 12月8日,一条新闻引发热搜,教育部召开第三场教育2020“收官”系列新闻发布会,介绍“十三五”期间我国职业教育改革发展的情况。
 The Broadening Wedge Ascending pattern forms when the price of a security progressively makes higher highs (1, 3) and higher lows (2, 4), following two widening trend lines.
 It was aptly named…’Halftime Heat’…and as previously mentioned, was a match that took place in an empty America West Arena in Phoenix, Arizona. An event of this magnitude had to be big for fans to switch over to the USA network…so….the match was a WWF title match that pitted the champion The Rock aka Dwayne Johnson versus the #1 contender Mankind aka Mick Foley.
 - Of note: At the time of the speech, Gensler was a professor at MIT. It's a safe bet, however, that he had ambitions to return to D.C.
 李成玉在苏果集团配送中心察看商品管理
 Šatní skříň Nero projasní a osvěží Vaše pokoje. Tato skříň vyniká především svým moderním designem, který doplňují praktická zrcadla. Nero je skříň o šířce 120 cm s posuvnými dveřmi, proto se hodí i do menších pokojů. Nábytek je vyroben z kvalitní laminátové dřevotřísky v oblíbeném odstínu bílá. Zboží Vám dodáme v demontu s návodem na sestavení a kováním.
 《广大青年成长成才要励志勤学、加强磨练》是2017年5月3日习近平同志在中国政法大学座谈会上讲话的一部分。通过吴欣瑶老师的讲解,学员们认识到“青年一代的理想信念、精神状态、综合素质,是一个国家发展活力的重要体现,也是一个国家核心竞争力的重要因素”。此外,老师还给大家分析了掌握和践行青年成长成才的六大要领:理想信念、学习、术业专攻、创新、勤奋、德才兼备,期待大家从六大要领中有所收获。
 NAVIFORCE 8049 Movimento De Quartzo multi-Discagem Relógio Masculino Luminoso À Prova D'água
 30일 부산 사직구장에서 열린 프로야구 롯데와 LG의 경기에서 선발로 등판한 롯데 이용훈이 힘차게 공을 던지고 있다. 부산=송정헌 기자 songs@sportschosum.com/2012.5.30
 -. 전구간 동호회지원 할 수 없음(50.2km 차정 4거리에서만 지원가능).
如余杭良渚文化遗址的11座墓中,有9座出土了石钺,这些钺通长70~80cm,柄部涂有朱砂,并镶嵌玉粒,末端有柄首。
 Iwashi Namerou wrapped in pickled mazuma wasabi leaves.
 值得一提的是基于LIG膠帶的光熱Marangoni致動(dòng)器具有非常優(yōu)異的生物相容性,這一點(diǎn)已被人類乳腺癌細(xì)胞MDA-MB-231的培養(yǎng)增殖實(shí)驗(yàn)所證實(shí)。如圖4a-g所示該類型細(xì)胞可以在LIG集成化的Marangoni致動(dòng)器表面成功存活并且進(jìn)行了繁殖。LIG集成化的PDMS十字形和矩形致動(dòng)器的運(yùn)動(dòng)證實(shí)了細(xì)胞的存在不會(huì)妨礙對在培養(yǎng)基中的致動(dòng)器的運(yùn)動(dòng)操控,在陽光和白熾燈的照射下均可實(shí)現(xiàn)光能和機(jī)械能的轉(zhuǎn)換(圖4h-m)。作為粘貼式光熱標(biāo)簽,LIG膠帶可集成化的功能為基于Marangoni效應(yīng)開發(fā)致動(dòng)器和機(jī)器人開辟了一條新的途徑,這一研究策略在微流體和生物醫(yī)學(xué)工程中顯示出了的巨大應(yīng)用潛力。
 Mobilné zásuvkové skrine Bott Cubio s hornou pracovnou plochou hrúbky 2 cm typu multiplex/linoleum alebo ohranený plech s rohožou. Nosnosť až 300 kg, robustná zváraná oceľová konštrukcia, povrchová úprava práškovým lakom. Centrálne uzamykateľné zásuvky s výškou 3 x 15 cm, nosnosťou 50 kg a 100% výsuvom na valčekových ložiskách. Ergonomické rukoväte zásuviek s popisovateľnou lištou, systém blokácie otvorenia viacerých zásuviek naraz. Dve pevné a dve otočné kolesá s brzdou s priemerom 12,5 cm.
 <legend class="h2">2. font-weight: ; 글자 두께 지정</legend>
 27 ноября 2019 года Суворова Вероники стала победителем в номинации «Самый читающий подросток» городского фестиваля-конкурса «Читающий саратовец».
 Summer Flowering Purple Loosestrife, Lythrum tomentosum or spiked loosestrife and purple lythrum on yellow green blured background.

+ + +

▶ _Problem to work on_
Wherever the string "that" appears in the data above, report the whole line.

▶ _Exercise result_
 It was aptly named…’Halftime Heat’…and as previously mentioned, was a match that took place in an empty America West Arena in Phoenix, Arizona. An event of this magnitude had to be big for fans to switch over to the USA network…so….the match was a WWF title match that pitted the champion The Rock aka Dwayne Johnson versus the #1 contender Mankind aka Mick Foley.
 - Of note: At the time of the speech, Gensler was a professor at MIT. It's a safe bet, however, that he had ambitions to return to D.C.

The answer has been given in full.